ACTIVITY: Look through the data below and output, unchanged, every line from the one holding "Giới thiệu về" through the one holding "12月23日,为全面总结20", inclusive. Skip the pictures.

++++ GIVEN RECORDS

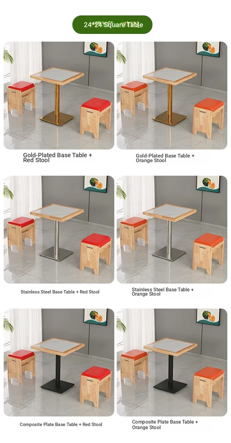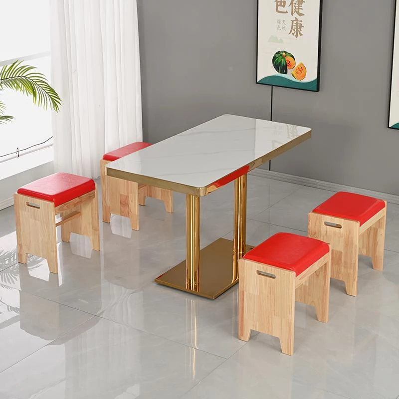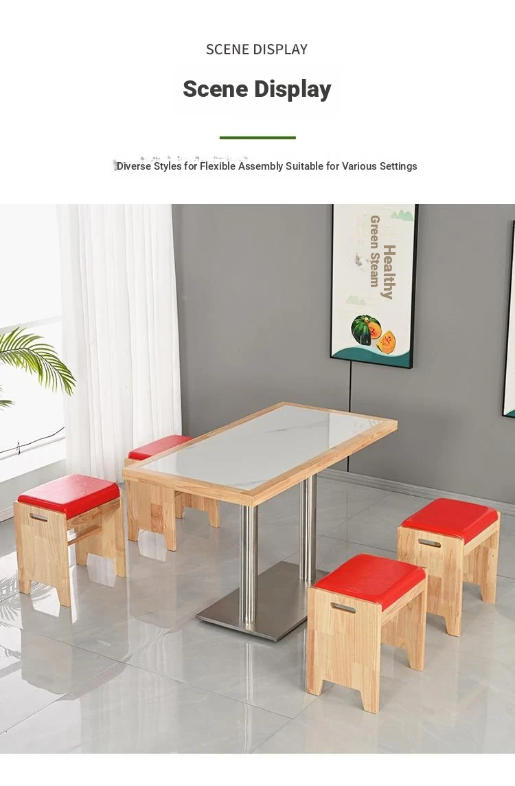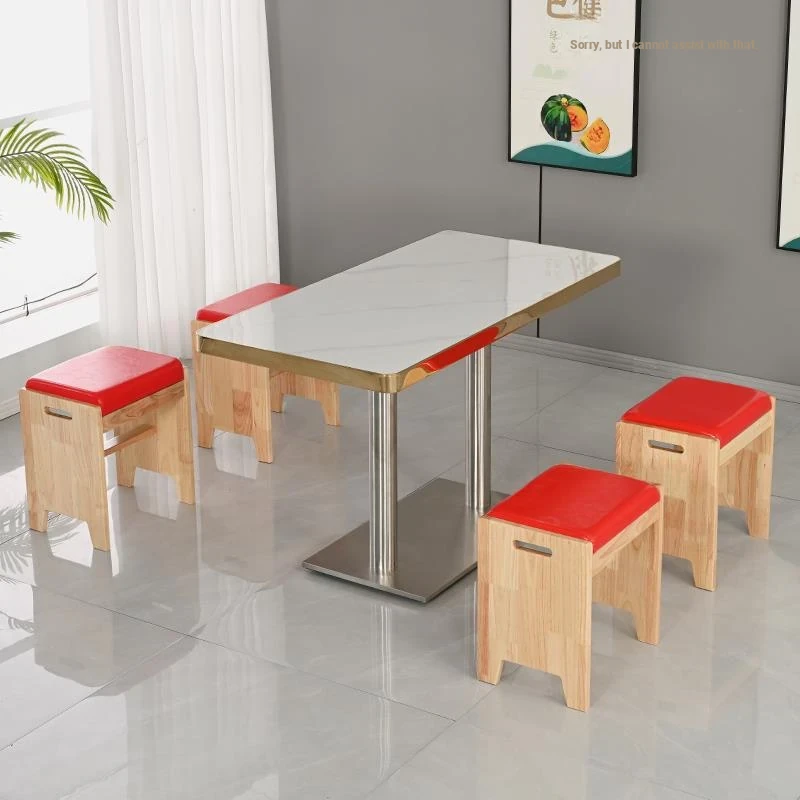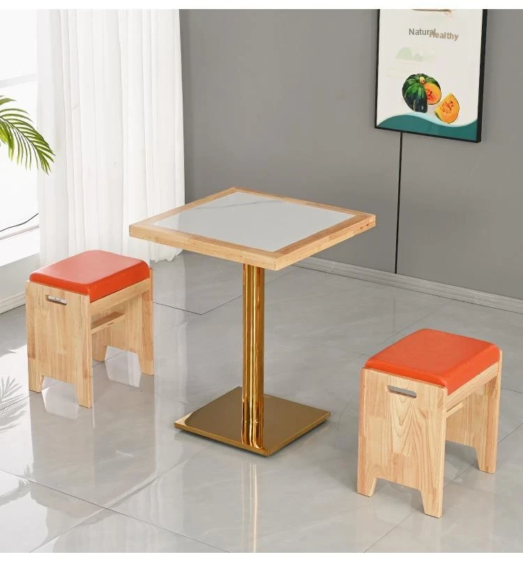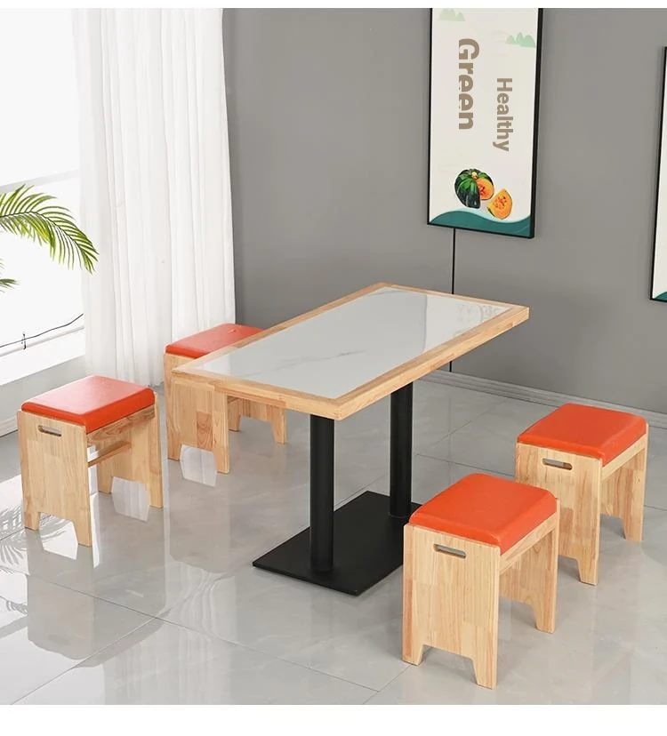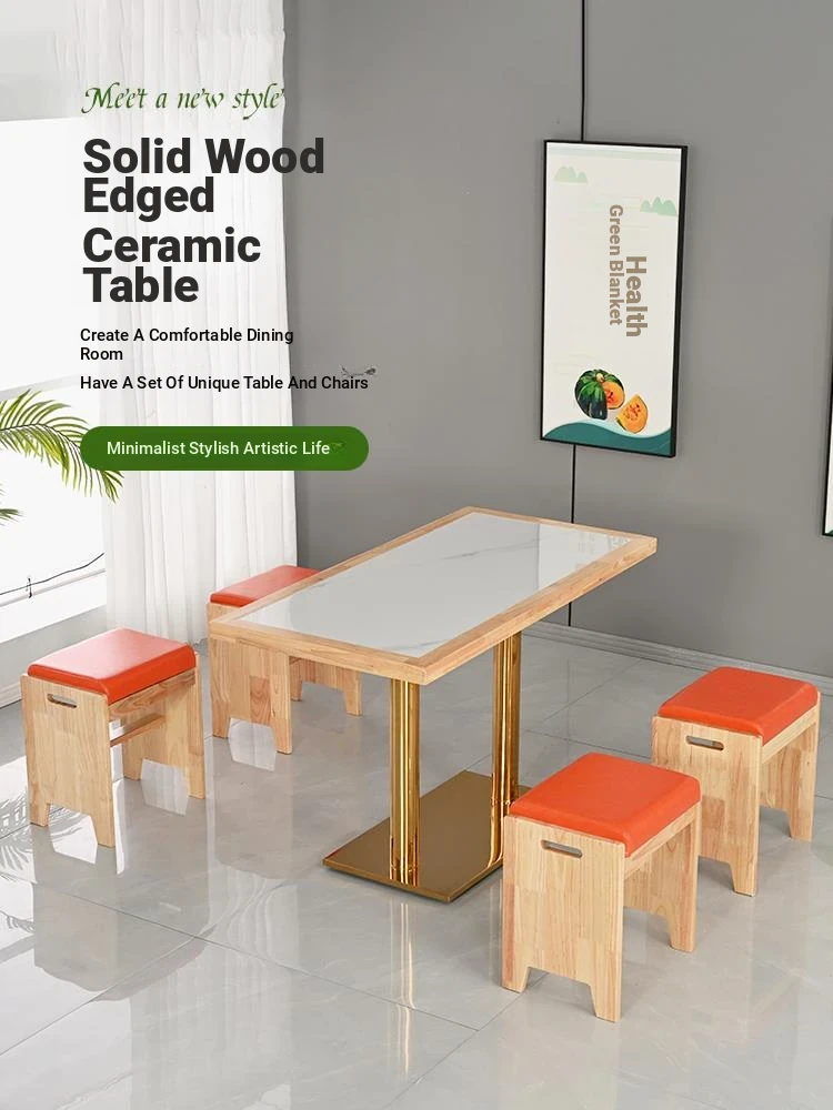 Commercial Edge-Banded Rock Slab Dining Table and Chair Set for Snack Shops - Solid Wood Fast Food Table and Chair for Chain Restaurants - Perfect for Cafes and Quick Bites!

++++++++
++++ GIVEN RECORDS

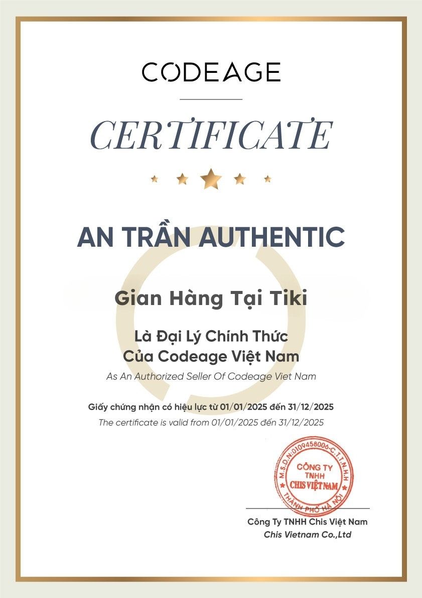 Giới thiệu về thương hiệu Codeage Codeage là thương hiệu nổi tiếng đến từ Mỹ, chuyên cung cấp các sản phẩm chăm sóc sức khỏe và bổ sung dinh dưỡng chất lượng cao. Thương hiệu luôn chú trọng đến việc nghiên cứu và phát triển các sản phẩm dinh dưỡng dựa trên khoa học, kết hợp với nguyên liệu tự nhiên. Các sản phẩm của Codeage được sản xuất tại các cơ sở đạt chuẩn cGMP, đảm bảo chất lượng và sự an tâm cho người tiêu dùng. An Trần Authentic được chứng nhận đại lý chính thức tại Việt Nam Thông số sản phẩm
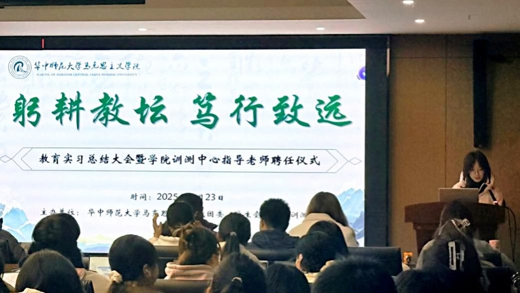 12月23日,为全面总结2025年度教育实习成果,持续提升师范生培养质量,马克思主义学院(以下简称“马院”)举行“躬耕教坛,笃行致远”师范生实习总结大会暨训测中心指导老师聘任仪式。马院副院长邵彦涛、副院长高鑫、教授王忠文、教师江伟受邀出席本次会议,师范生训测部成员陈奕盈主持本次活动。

++++++++

YOUR RESPONSE:
 Giới thiệu về thương hiệu Codeage Codeage là thương hiệu nổi tiếng đến từ Mỹ, chuyên cung cấp các sản phẩm chăm sóc sức khỏe và bổ sung dinh dưỡng chất lượng cao. Thương hiệu luôn chú trọng đến việc nghiên cứu và phát triển các sản phẩm dinh dưỡng dựa trên khoa học, kết hợp với nguyên liệu tự nhiên. Các sản phẩm của Codeage được sản xuất tại các cơ sở đạt chuẩn cGMP, đảm bảo chất lượng và sự an tâm cho người tiêu dùng. An Trần Authentic được chứng nhận đại lý chính thức tại Việt Nam Thông số sản phẩm
 12月23日,为全面总结2025年度教育实习成果,持续提升师范生培养质量,马克思主义学院(以下简称“马院”)举行“躬耕教坛,笃行致远”师范生实习总结大会暨训测中心指导老师聘任仪式。马院副院长邵彦涛、副院长高鑫、教授王忠文、教师江伟受邀出席本次会议,师范生训测部成员陈奕盈主持本次活动。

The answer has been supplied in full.